Mechanically, the car would really scoot when I stabbed the gas.  I tried that on the street in front of my house once and left three streaks on the asphalt – two from the spinning studded snow tires (it must have had a limited slip) and one long black carbon stain from the super-rich exhaust.  I enjoyed the obsolete feel of the 4 speed Hydra-Matic (in its final year) with its extra-short low and immediate upshift to second, then the abrupt shift into third and finally the nearly imperceptible glide into 4th. The shift quadrant with “R” all the way at the bottom took a little getting used to.  As did every “normal” car I occasionally drove during that time when I would mindlessly shift to “1” or “L” for reverse before catching myself.

And it was black, the way these were meant to be.  Did you ever look at a car and simply *know* the color that was in the mind of the stylist as he sketched the lines for the first time and of the modelers as they shaped the surfaces into their final forms?  If ever a car was intended to be painted black it was this one.  Even the advertising people knew.  This ad, by the way, hung in a frame on my dorm room wall.  This had been my mental vision of a Cadillac from the time I began paying attention to cars – and now I owned one.

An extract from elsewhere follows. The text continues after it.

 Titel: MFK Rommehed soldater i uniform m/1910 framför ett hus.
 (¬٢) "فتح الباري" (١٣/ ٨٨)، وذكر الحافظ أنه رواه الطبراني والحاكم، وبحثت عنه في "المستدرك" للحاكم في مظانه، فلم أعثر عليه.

Examine, if you will, an internet picture of the interior door panel.  A thick leather-like vinyl across the top to stand up to sweaty arms likely to rest on the sill.  Then the high-gloss woodgrain trim with the thick, heavy chrome door pull (which included a courtesy light).  Below that was fabric that matched that used on the seats, which was, in turn, above the armrest and control panel with both shiny and brushed chrome.  Finally it was finished at the bottom with the same thick carpet that covered the floors.  This, gentlemen, is why I will never be fully satisfied in any Cadillac of the 1970’s or beyond.  Four of these door panels probably cost more to make than the entire interior of my ’67 Ford.

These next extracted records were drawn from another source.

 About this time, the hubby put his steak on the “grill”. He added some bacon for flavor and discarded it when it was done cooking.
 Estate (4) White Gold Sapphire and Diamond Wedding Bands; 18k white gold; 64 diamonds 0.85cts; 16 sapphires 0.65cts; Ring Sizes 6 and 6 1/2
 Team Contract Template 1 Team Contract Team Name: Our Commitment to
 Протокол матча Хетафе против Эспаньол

By early spring a rusty rear brake line gave out, so it went in for new brake lines.  By the beginning of March my supply of money had dwindled to the point where I knew that 1) I could not afford to keep this car and 2) it would never command enough coin to buy anything decent.  In six months I had doubled my investment in the car and had no doubt that I could triple it if only given a little more time.  Everything must go, as they used to say on late-night TV.  Somehow I was introduced to a guy who was into old Cadillacs and was interested.  When he saw how nice my Ford was he was interested in that too.  I did not start high enough on my package price because he said OK to the first number I threw out.  There are no do-overs in selling a car, sadly.

The car was maddening in more ways than one and proved Howard right.  I was happy to be rid of the money pit, but missed it too.  About 20 years later I would buy another elderly Cadillac – an ’89 Brougham.  But it was not the same.  Even when new it had been an ordinary car.  Its 1963 ancestor had been many things, but ordinary was not one of them.  Thanks Dean, for two photos that brought up many great memories.